If any theory were going to test male judges' bias inside the judicial process, the legal validity of sexual harassment was it. In the 1970s, when MacKinnon was arguing for courts to recognize this new idea that sexual harassment constituted discrimination, judges routinely rejected her position. A slew of decisions by male judges demonstrated a deep, culturally loaded resistance to acknowledging the cause of action. They denied that the facts parties alleged amounted to a legal violation no matter how vivid and horrific or accurately they described reality in the complainants' workplaces.
To justify turning away complaints, judges would either characterize sexual exploitation as "normal" or too common for the law to curtail, or they'd argue that such behavior is a result of biology and cultural inevitability (that is, boys will be boys). These personal assessments of the behavior clouded judges' abilities to imagine the legal harm it caused to the women who suffered from it.

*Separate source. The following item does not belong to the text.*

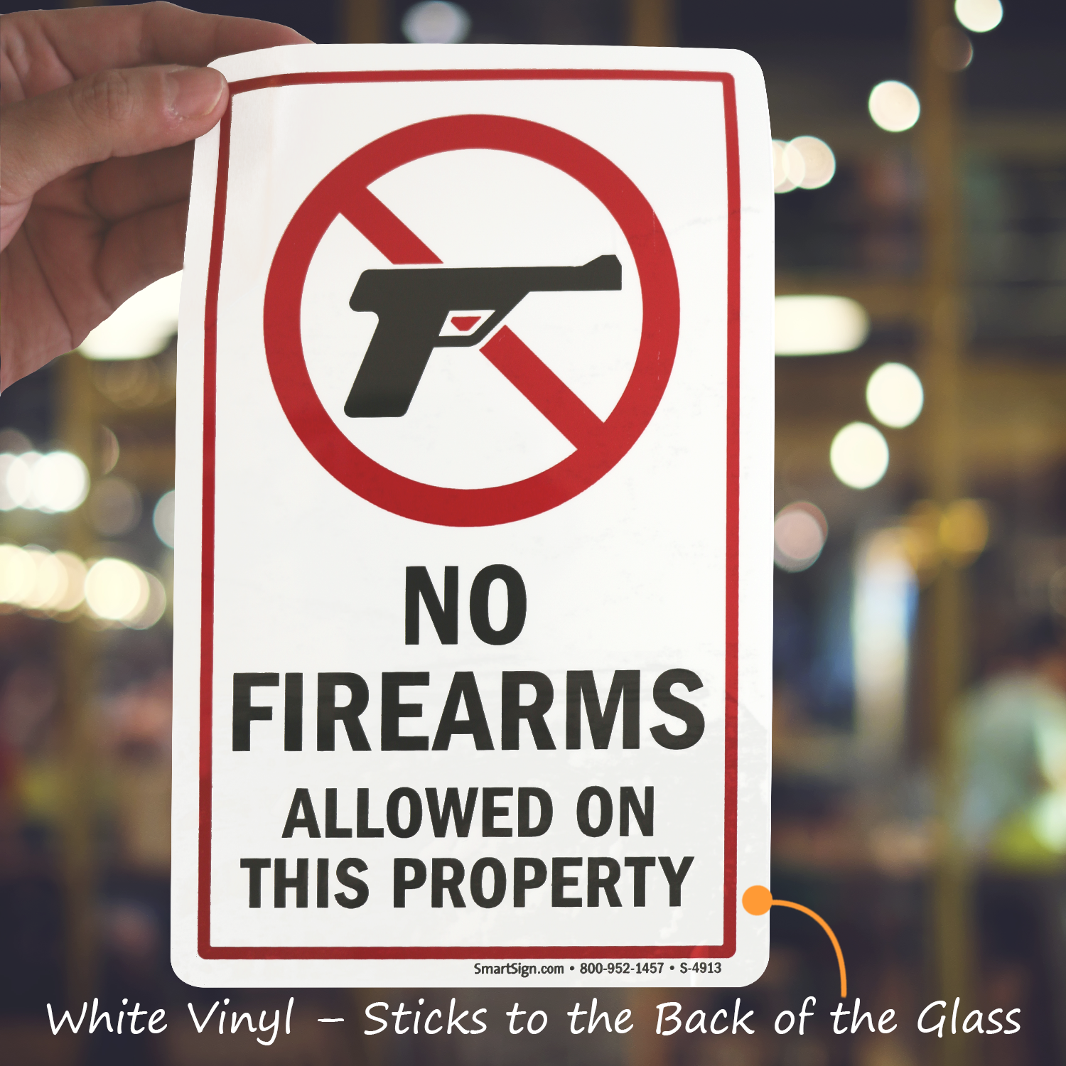 Window Decal: No Firearms Allowed on Property (with symbol) S-4913

Take, for example, one of the earliest decisions in this vein, that of Judge William C. Frey in the 1975 case Corne v. Bausch and Lomb. Judge Frey was in the U.S. Army as a major during World War II. He left the military, went to law school, and practiced law in a private firm before serving as an assistant Arizona state attorney general. While Frey was serving as a county superior court judge, President Richard Nixon nominated him for a position on the federal bench. Six years later he wrote the opinion in the Corne decision, the first sexual harassment case to reach a federal court. Jane Corne and Geneva DeVane, two administrative assistants at Bausch and Lomb, an eye product company based in Canada, brought the suit, charging that their supervisor, a man named Leon Price, repeatedly took unsolicited and unwelcome sexual liberties with them and other female employees. The advances were verbal as well as physical and eventually escalated to a level that both Corne and DeVane found intolerable. They left Bausch and Lomb and sued their supervisor and the company. A Nixon appointee, Judge Frey was well liked across ideological lines. He was friends with the Arizona Democratic senator Dennis DeConcini and Representative Morris K. Udall, a Democrat from Arizona. And "despite political differences," in a memorial to Judge Frey upon his death a few years after the Corne decision, Udall applauded the jurist's "mastery of the art of judging" for his handling of a highly "emotional Arizona busing case."